RDC : attaque de braconnier dans le parc de Garamba

RDC : attaque de braconnier dans le parc de Garamba

Cinq personnes ont été tuées et plusieurs autres blessées le week-end passé au cours d’un accrochage survenu dans le Parc national de la Garamba, situé dans la province Orientale, dans le nord de la RDC. L’accrochage a eu lieu entre l’armée gouvernementale rd-congolaise (FARDC) et les gardes du parc de Garamba d’un côté, et un groupe de braconniers constitués de rebelles ougandais de l’Armée de résistance du Seigneur (LRA).

 

Dans la forêt de Nagero les FARDC et les gardes du parc sont tombés dans une embuscade tendue par une centaine de braconniers armés samedi. La société civile de Dungu rapporte que les militaires des FARDC et les gardes du parc revenaient du poste de contrôle de Nagero dans le parc de Garamba. Ils sont tombés dans une embuscade tendue par plus de cinquante braconniers armés. Il y a eu accrochage entre les deux groupes. Le bilan provisoire fait état de deux militaires FARDC – un adjudant et un sergent – ainsi qu’un garde sont morts dans ces combats. Du côté des assaillants, on signale deux morts, dont l’un est identifié comme un déserteur de l’armée soudanaise, ainsi que plusieurs blessés.

 

Ces incidents interviennent après que trois fonctionnaires affectés à la surveillance du parc aient été tués jeudi par des braconniers. Les trois hommes, un garde de l’Institut congolais pour la conservation de la nature (ICCN) ainsi qu’un lieutenant et un soldat des Forces armées de la RDC (FARDC), sont tombés jeudi « dans une embuscade tendue par des braconniers lourdement armés, vraisemblablement sud-soudanais », ont annoncé les gestionnaires du parc. ‘Ils avaient été envoyés pour prêter main forte à une autre équipe contre ce groupe », indique un communiqué du réseau African Parks, qui gère le parc de la Garamba de concert avec l’ICCN.

 

Contacté depuis Kinshasa ce lundi, le directeur technique de l’ICCN, Jean Mapilanga, a déploré la mort des agents chargé de la sécurité du parc.
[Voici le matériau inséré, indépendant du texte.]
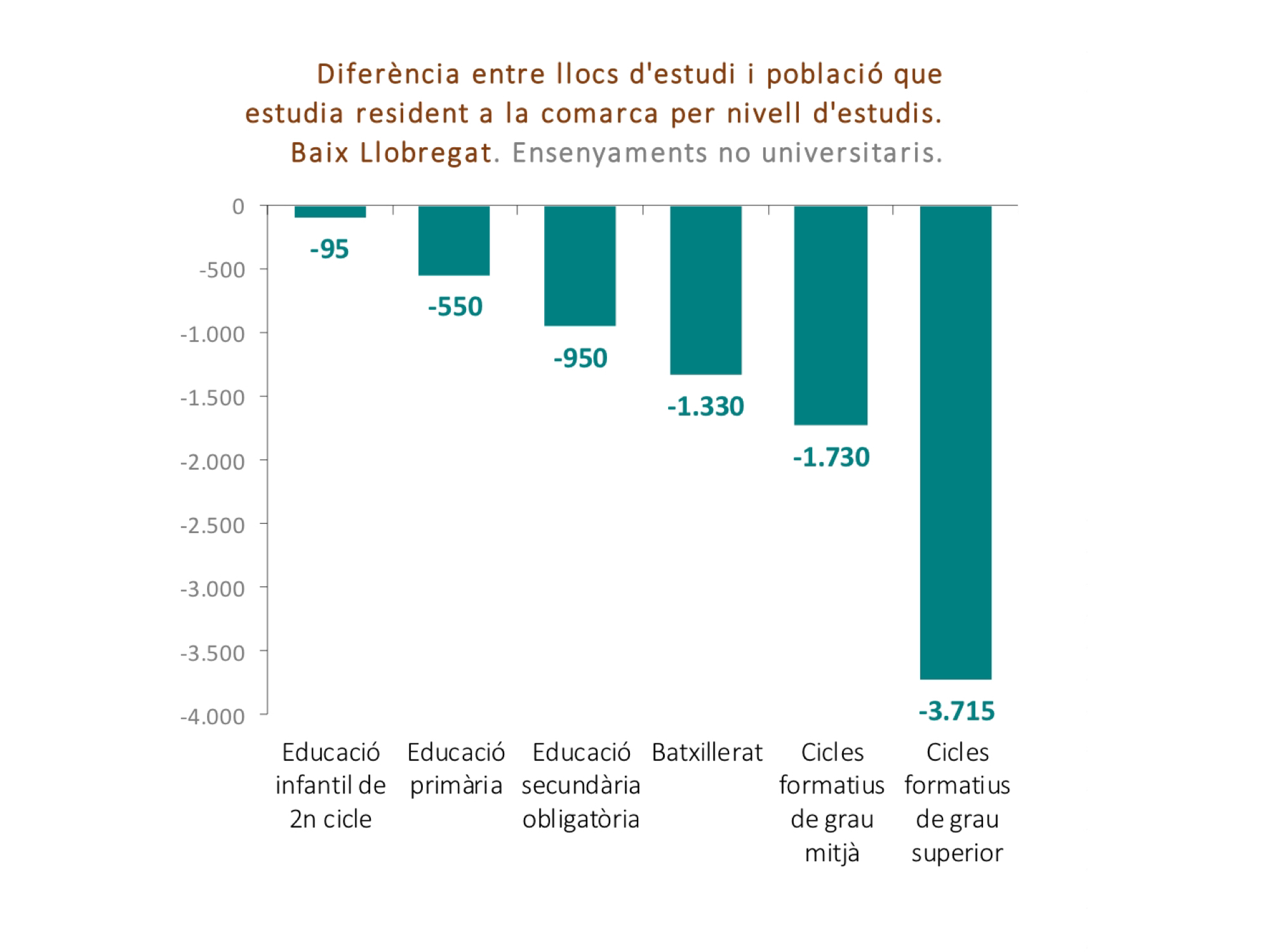 Tanmateix, si tenim en compte tots els nivells educatius, la diferència entre alumnat resident i llocs d’estudi localitzats a la comarca és negativa i se situa en -8.375.
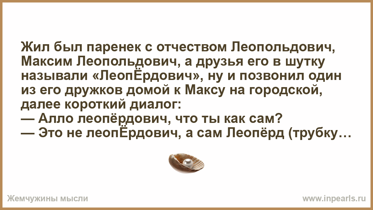 Жил был паренек с отчеством Леопольдович, Максим Леопольдович, а друзья его в шутку называли «ЛеопЁрдович», ну и позвонил один из его дружков домой к Максу на городской, далее короткий диалог:
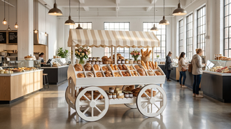 Телега подходит как для постоянной установки в зале, так и для временных торговых точек: удобно организовать демонстрацию новинок, дегустации, сезонные предложения и “островок” продаж в проходной зоне. Дизайн хорошо сочетается с ремесленным/крафтовым позиционированием и форматом арт‑пекарни.
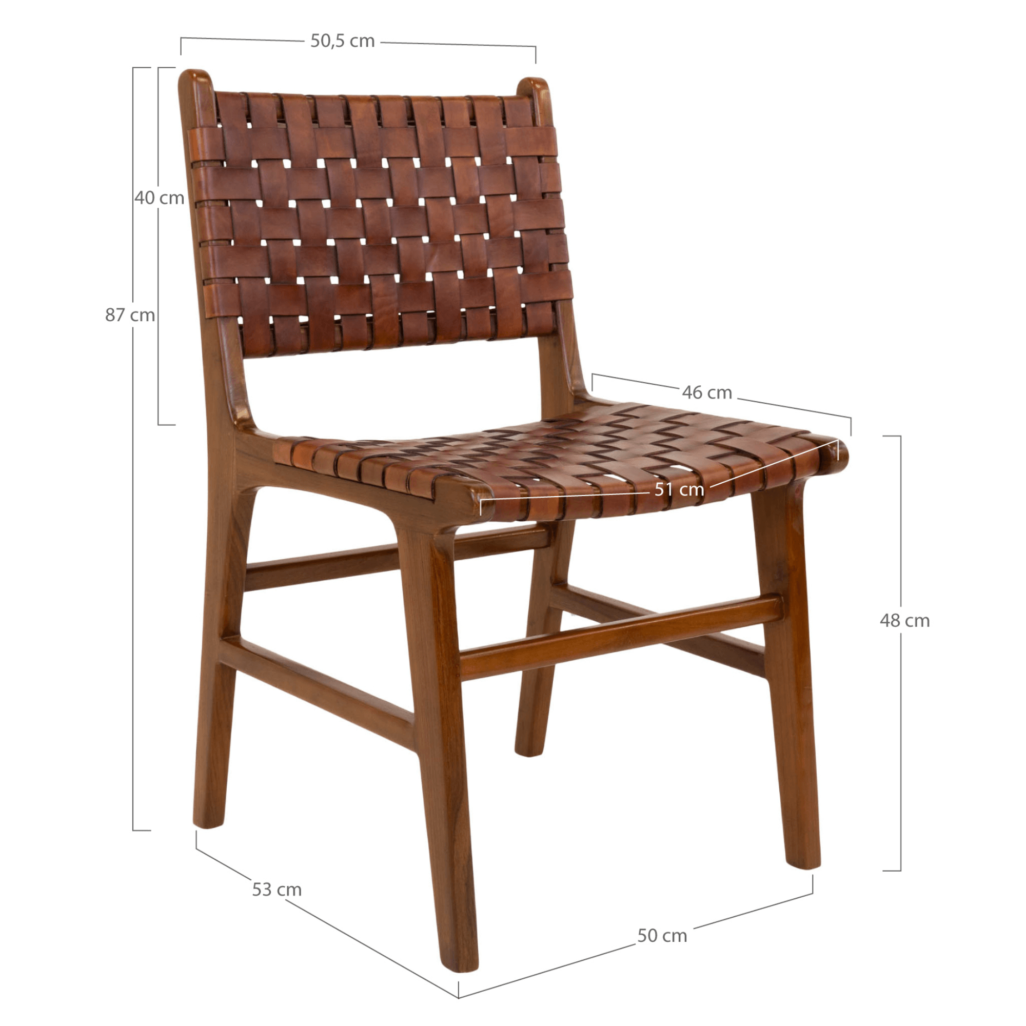 Dokonalé pohodlie počas sedenia vám zaistí sedadlo aj chrbtová opierka, ktoré sú prepletané koženými pásmi. Celá konštrukcia je vyrobená z masívneho teakového dreva, ktoré je pevným materiálom s vysokou odolnosťou proti drevokazným škodcom. Stolička vám tak bude pri správnom zaobchádzaní slúžiť mnoho rokov. Štvornohá podnož je doplnená o praktické priečky na odloženie nôh. Jedálenskú stoličku PIREGAO pre pohodlné a štýlové stolovanie si môžete vybrať z viacerých vyhotovení.

Il a demandé aux autorités compétentes de renforcer la sécurité dans le parc pour la protection de la faune, notamment des éléphants qui sont menacés par les braconniers, en quête d’ivoire. Classée au patrimoine mondial de l’humanité, la Garamba est située dans l’extrême nord-est de la RDC, dans une région instable du fait de la présence de nombreux groupes rebelles.

 

Ces attaques interviennent alors que le braconnage d’éléphants est en pleine recrudescence. Les douanes françaises avaient effectué la plus importante saisie d’ivoire depuis dix ans le 27 mai dernier. Les autorités avaient alors annoncé avoir mis la main sur une quantité de 136 kg « d’or blanc » à l’aéroport Roissy-Charles-de-Gaulle – soit une ne douzaine de défenses d’éléphants en transit vers le Vietnam. Selon les autorités, l’ivoire provenait de la République démocratique du Congo, plus spécifiquement de la forêt de Nagero.

 

La République démocratique du Congo est aux prises avec la problématique du braconnage dans ses parcs nationaux. En mars dernier, trente éléphants ont été tués en quinze jours dans le parc de la Garamba. Les responsables du parc avaient accusé un groupe de braconniers. Selon Jean-Marc Froment, directeur chargé de la Conservation d’African Parks, ONG qui cogère le Parc de la Garamba avec l’ICCN, « un groupe de Soudanais du Nord s’[était] introduit dans le parc, s’[était] réparti en petits groupes et [avait] abattu trente éléphants durant quinze jours »

 

D’après un recensement effectué en 2014, le Parc national de la Garamba abrite quelque 1700 éléphants, ce qui en fait une cible de choix pour les braconniers.  En juin 2014, apprend-on, des braconniers avaient abattu – certains à partir d’un hélicoptère – soixante-huit éléphants en deux mois, soit 4% de la population de pachydermes du parc. Le trafic illégal d’ivoire menace la survie des éléphants d’Afrique. Au rythme de 25 000 à 30 000 animaux abattus par an, la mortalité surpasse désormais le taux de natalité de cet animal. « L’or blanc » est très convoité dans les pays asiatiques dont le Vietnam, la Thaïlande et la Chine. Là, les défenses d’éléphants abattus deviennent des bijoux, des objets d’arts ou des sculptures, très prisées des riches Asiatiques.